Data section
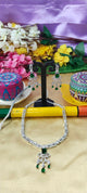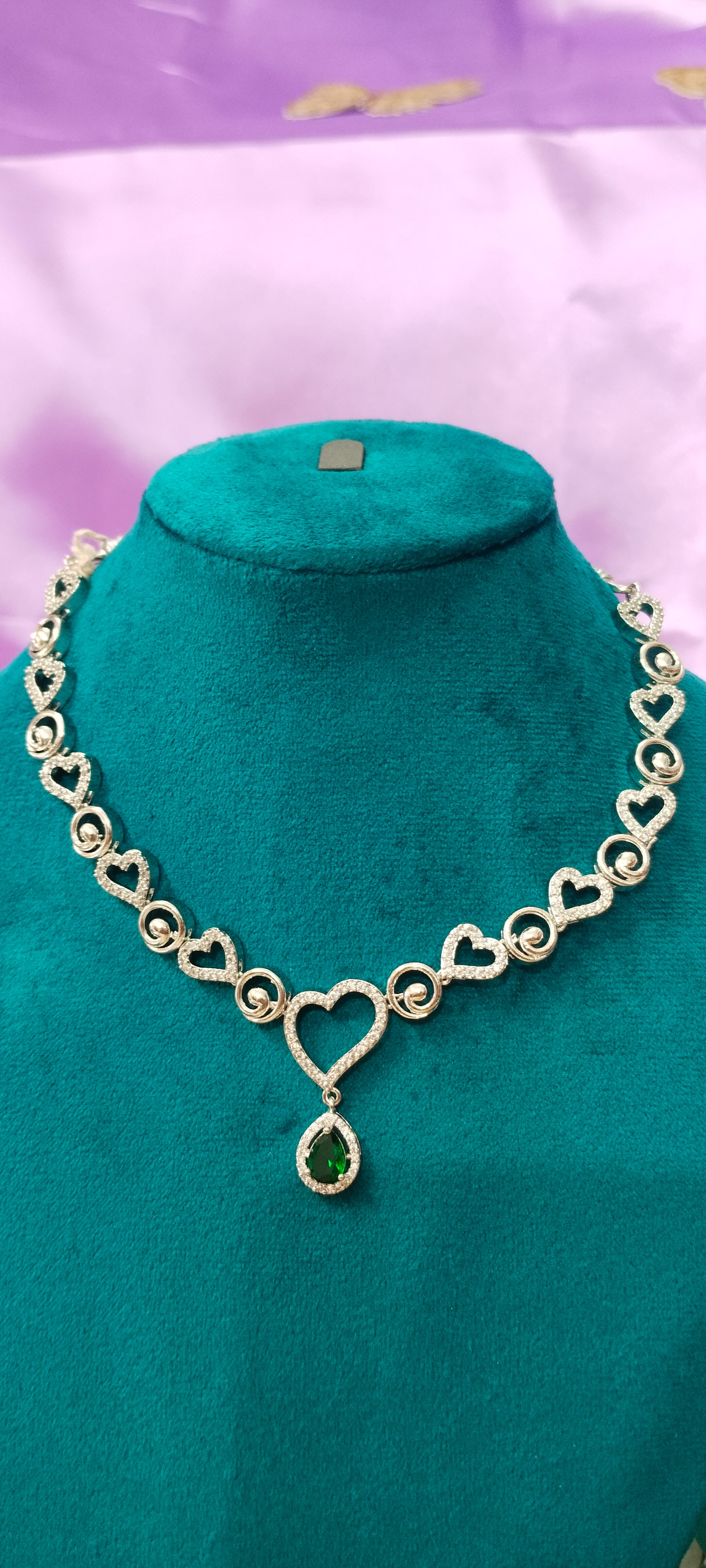 Heart necklace chain with a green pendant. Elegant, lightweight, and perfect for casual or festive wear with earings.                                                                                                                        Heart necklace chain with a green pendant. Elegant, lightweight, and perfect for casual or festive wear.Elevate your look with this exquisite heart necklace chain featuring a rich green pendant. The pendant is carefully crafted and polished to perfection, radiating elegance and charm. Suspended on a fine chain, this necklace balances sophistication and modern design, making it ideal for gifting, special events, or adding a subtle pop of color to your ensemble.
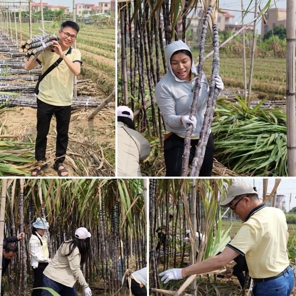 得知蔗农困境后,经济学院迅速响应,第一时间与雁沙村村委对接,敲定采购方案。活动当天清晨,学院教工代表组成的助农小分队已抵达蔗田,大家头戴草帽、挽起衣袖,在农户指导下分工协作,弯腰砍蔗、削叶去根、捆扎搬运,动作娴熟而高效。经过一上午的奋战,1800根饱满粗壮的甘蔗全部采收完毕并装车运回学院。
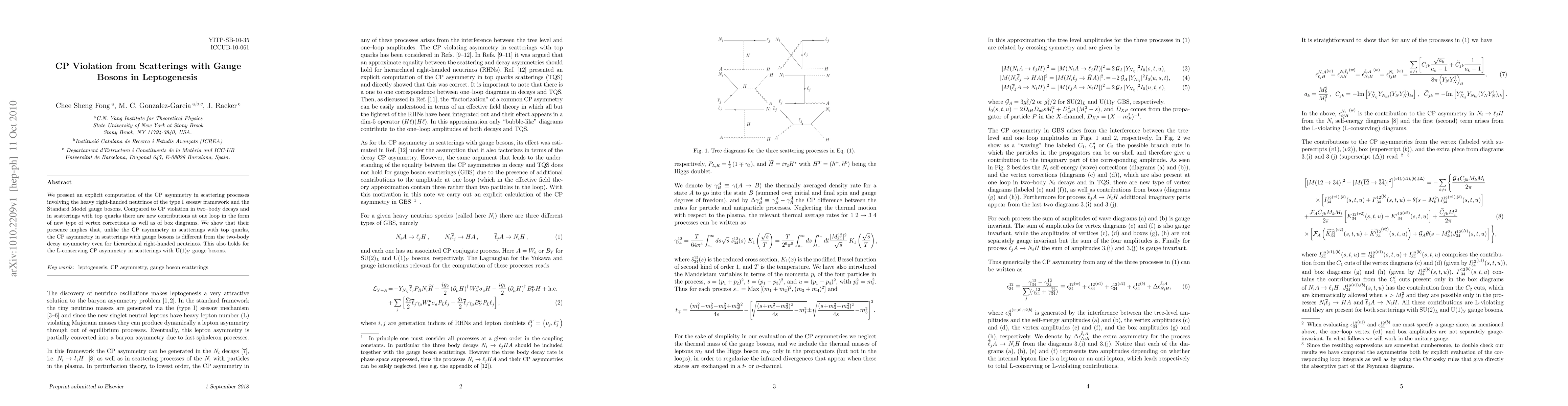 This paper computes CP asymmetry in scattering processes involving heavy right-handed neutrinos and Standard Model gauge bosons, revealing new one-loop contributions from vertex corrections and box diagrams. These findings show that CP asymmetry in gauge boson scattering differs from that in two-body decay, even for hierarchical neutrinos.
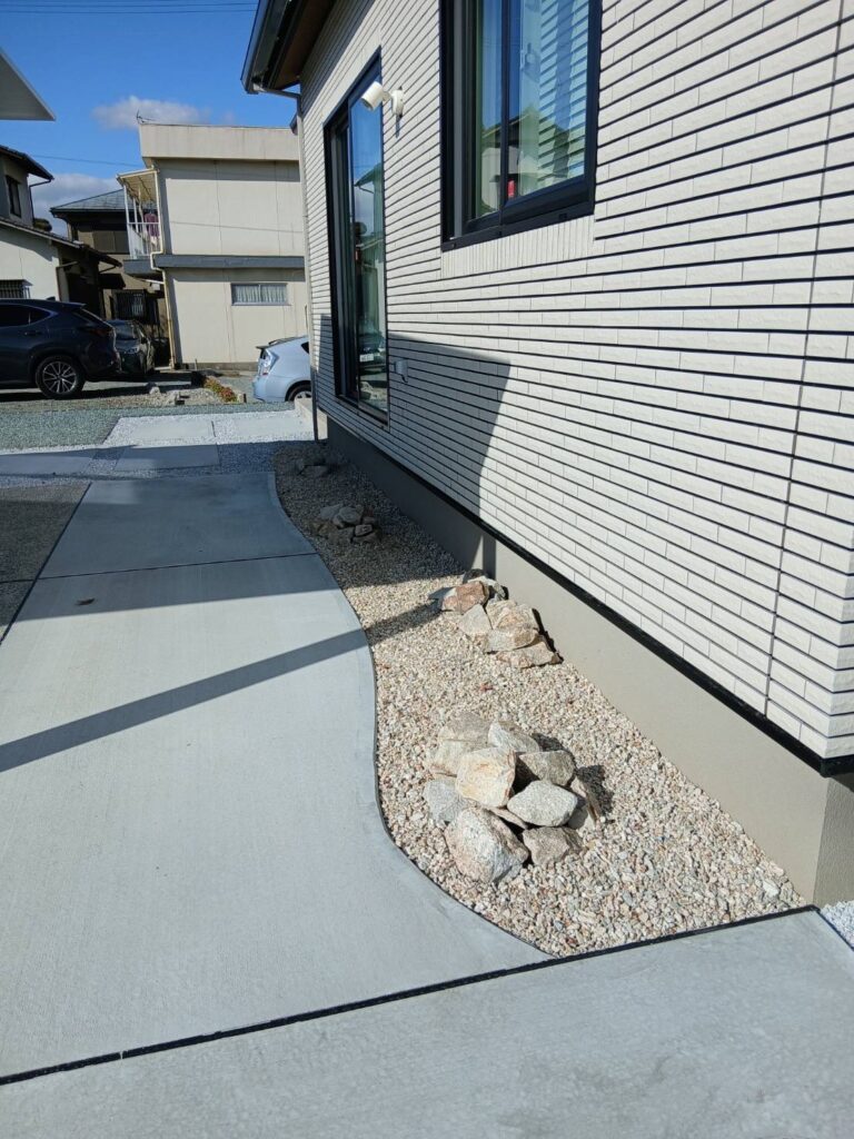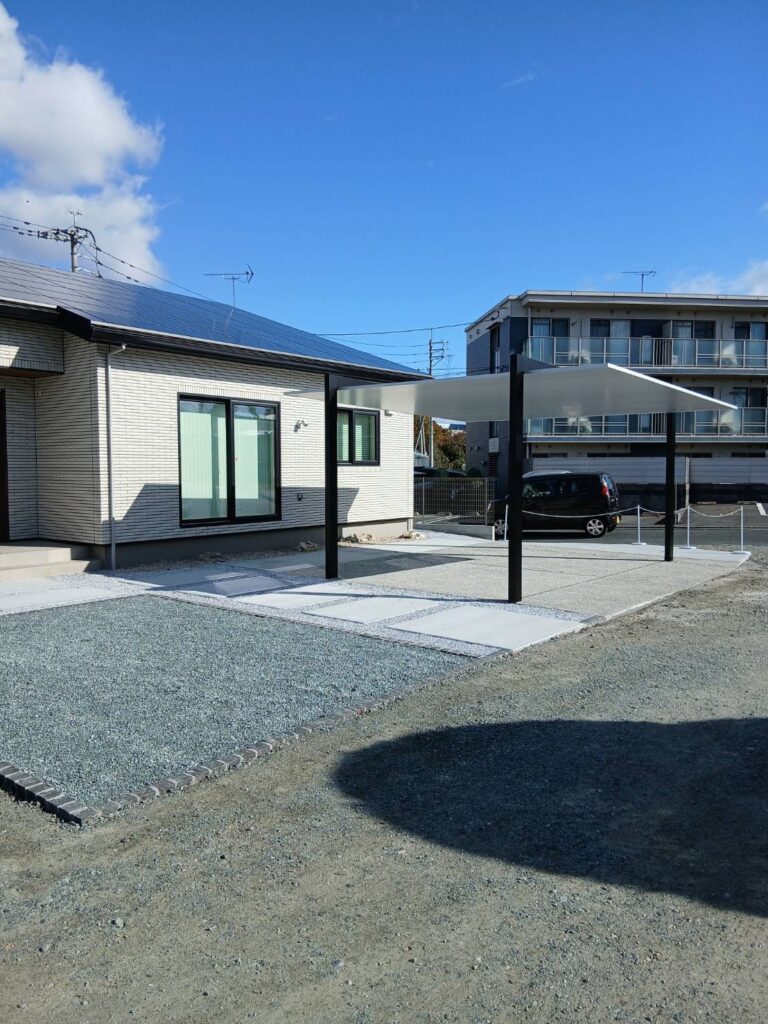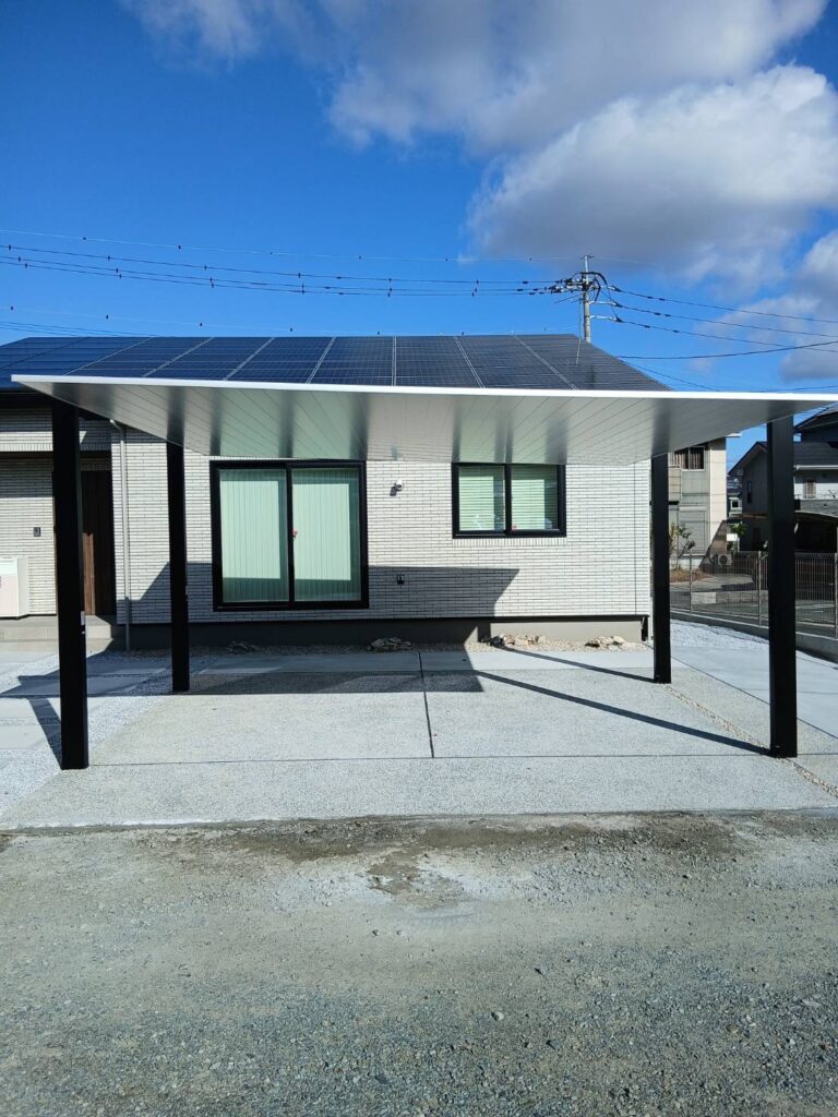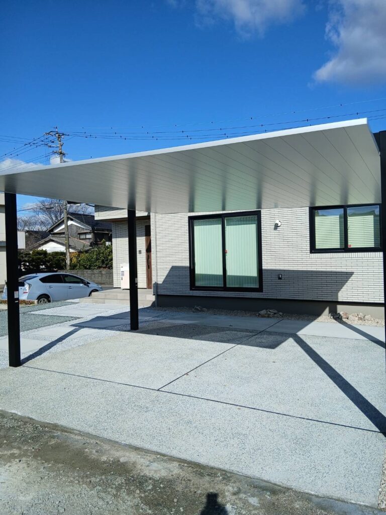 スタイリッシュな片流れ屋根のカーポートが印象的な、洗練されたモダン外構です。敷地全体を明るいカラーの土間コンクリートと砂利でまとめ、直線的なラインがすっきりとした美しさを演出しています。動線も確保されていて、毎日の出入りがとてもスムーズ。ナチュラルな石材をアクセントに使い、どこかやさしさも感じられる仕上がりに。シンプルだけどセンスが光る、そんな空間に仕上がりました。

Activity
Could you return, word for word, every line from the line with "得知蔗农困境后,经济学院迅速" through the last line of the listing above, both ends included, without any pictures?

Solved problem
 得知蔗农困境后,经济学院迅速响应,第一时间与雁沙村村委对接,敲定采购方案。活动当天清晨,学院教工代表组成的助农小分队已抵达蔗田,大家头戴草帽、挽起衣袖,在农户指导下分工协作,弯腰砍蔗、削叶去根、捆扎搬运,动作娴熟而高效。经过一上午的奋战,1800根饱满粗壮的甘蔗全部采收完毕并装车运回学院。
 This paper computes CP asymmetry in scattering processes involving heavy right-handed neutrinos and Standard Model gauge bosons, revealing new one-loop contributions from vertex corrections and box diagrams. These findings show that CP asymmetry in gauge boson scattering differs from that in two-body decay, even for hierarchical neutrinos.
 スタイリッシュな片流れ屋根のカーポートが印象的な、洗練されたモダン外構です。敷地全体を明るいカラーの土間コンクリートと砂利でまとめ、直線的なラインがすっきりとした美しさを演出しています。動線も確保されていて、毎日の出入りがとてもスムーズ。ナチュラルな石材をアクセントに使い、どこかやさしさも感じられる仕上がりに。シンプルだけどセンスが光る、そんな空間に仕上がりました。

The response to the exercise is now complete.